Introduction
In March of 1996, James McCartney announced to the comp.music.research mailing list the release of his new real-time synthesis language. Originally a Max/MSP object known as Pyrite, SuperCollider was now available as a standalone program. SuperCollider was inspired by older programs such as the MUSIC-N family and Csound, but designed to be easier to use and optimized for real-time processing.
In the late 90's, SuperCollider gained popularity in the academic computer music research community. Two major versions later, SuperCollider 3 — a major architectural rewrite that separated the programming language from the audio server — was released as free software under the GNU General Public License.
Why SuperCollider?
Flexibility. SuperCollider is lower level than most modern audio synthesis environments, only a few steps away from writing raw DSP code. Like most "deep modular" programs, it gives you a tremendous spectrum of options for designing sound.
Interface. Graphical patching environments, either software or hardware, have been the dominant approach to modular audio synthesis throughout history. While visual programming is powerful, many find it frustrating when scaling up to large patches with hundreds of nodes. Code seems like a strange interface for sound synthesis, but you might find it surprisingly ergonomic once you spend some time with it! SC is also hugely popular within the live coding community, and there are many artists who perform by writing and running SC code live.
Education. SuperCollider is a great environment for understanding the fundamentals of sound synthesis, and many educators teach it as a first programming language.

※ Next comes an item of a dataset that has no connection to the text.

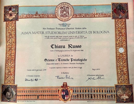 Sono Chiara Russo, Psicologa Clinica, e Psicoterapeuta i.f. presso la scuola Noûs di Milano, a indirizzo cognitivo-costruttivista e orientamento mindfulness.

Stability. Efficiency was a major selling point in the early days of SuperCollider, and today it
continues to rival many commercial and open source platforms in signal processing performance. The
language and server were architected for a high degree of real-time safety. For example, the server
has its own real-time safe memory allocator so that the creation and destruction of synthesizer
nodes is lightning fast (in particular avoiding system calls to malloc and free).
Free software. SuperCollider is made available under the GNU GPL. It's available at no cost, and maintained by a vibrant community of volunteer developers. Unlike most software of its age, SuperCollider development remains very active — as of 2019, SC averages several commits per week and has a regular release schedule. The SC developers are a friendly bunch and will often respond to tickets within hours.
Why this tutorial?
SuperCollider's learning curve is somewhat notorious. I won't mince words — SC is a fairly tricky program to pick up, and it often takes a long time to reach proficiency in it. This is not helped by the fact that the official tutorials in SuperCollider don't go very far. As a result, many SC educators have individually stepped up over the years with excellent learning materials. In particular, we'd like to shout out A Gentle Introduction to SuperCollider and Eli Fieldsteel's video tutorials.
"Learn SuperCollider" is a new effort to create an official community-written learning resources for the program, taking our favorite ideas from the above tutorials.
As SuperCollider 3 has evolved over its 15+ years of existence, multiple ways to accomplish the same thing have popped up in the language, and many older tutorials are inconsistent with each other. Learn SC is intended to be very opinionated and prescriptive concerning use of the SuperCollider language. We are big on recommending the best practices and discouraging older styles of SC code.
Another important focus of these books is to emphasize the musicality of SuperCollider. When new concepts are introduced, we emphasize how they can be used in music and sound design and celebrate the huge variety of workflows that SuperCollider offers.